The front door swung open and Persephone paused, her heart clanging desperately in her chest. Stefan stood on the front steps, staring at her, blinking. She looked down at her clothes, bloody and torn, and then up at him seeing herself through his eyes. His mouth dropped, but he said nothing and then, coming to his senses he rushed towards her.

‘You are hurt,’ he cried. ‘What has happened?’ He stopped only a few feet from her.

She swallowed, hardly daring to say it; hardly daring to tell him the awful truth of what she had done. And then when she didn’t he demanded. ‘Tell me,’ he cried, reaching out to touch her and then finding nowhere suitable to place his hand, he dropped it. ‘You are hurt,’ he repeated. His eyes darted, taking in the complete picture of her.

‘No,’ she said and then, looking at her palm, still indented fromwhere she’d clutched the rock so tightly, and her knuckles and back of her hand smeared with her own blood mixed with that of the soldier’s. ‘Yes, a little but—’

‘Persey,’ he demanded. ‘Tell me. Who did this to you?’

‘No one. I did it.’

‘I do not under—’

‘I’ve killed someone,’ she said dumbly. ‘A man. I’ve killed a man.’

He stared at her, slack-jawed, and whispered, ‘What? How?’ And then suddenly, he pulled her by the arm, ‘Come inside. Now. Quickly.’

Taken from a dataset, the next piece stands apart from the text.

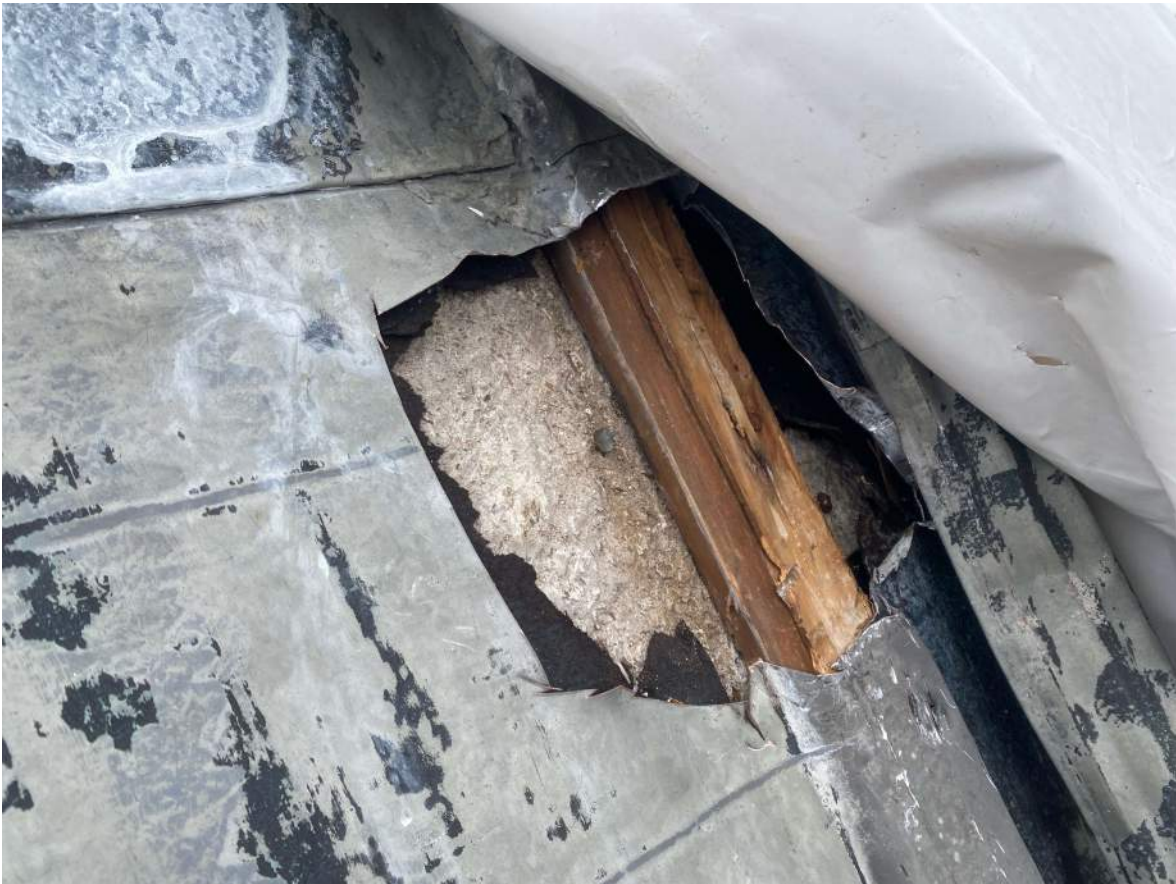
inspection opening at batten

He dragged her inside the house, leaving her bicycle lying on the ground outside. She glanced back at it. Someone might take it. She would have no use for it where she was going, but it would serve as a decent spare for Dido or Jack. Strange how such a mundane and practical thought came to her now. Stefan slammed the door behind him and stood in front of her. ‘Tell me. Tell me what happened,’ he said, his eyes never leaving hers. ‘Who have you killed?’ He spoke as if he didn’t believe her.

‘A soldier.’

He gasped. It made no difference if it was a soldier or a civilian in Persey’s eyes. A man was still a man. A life was still a life.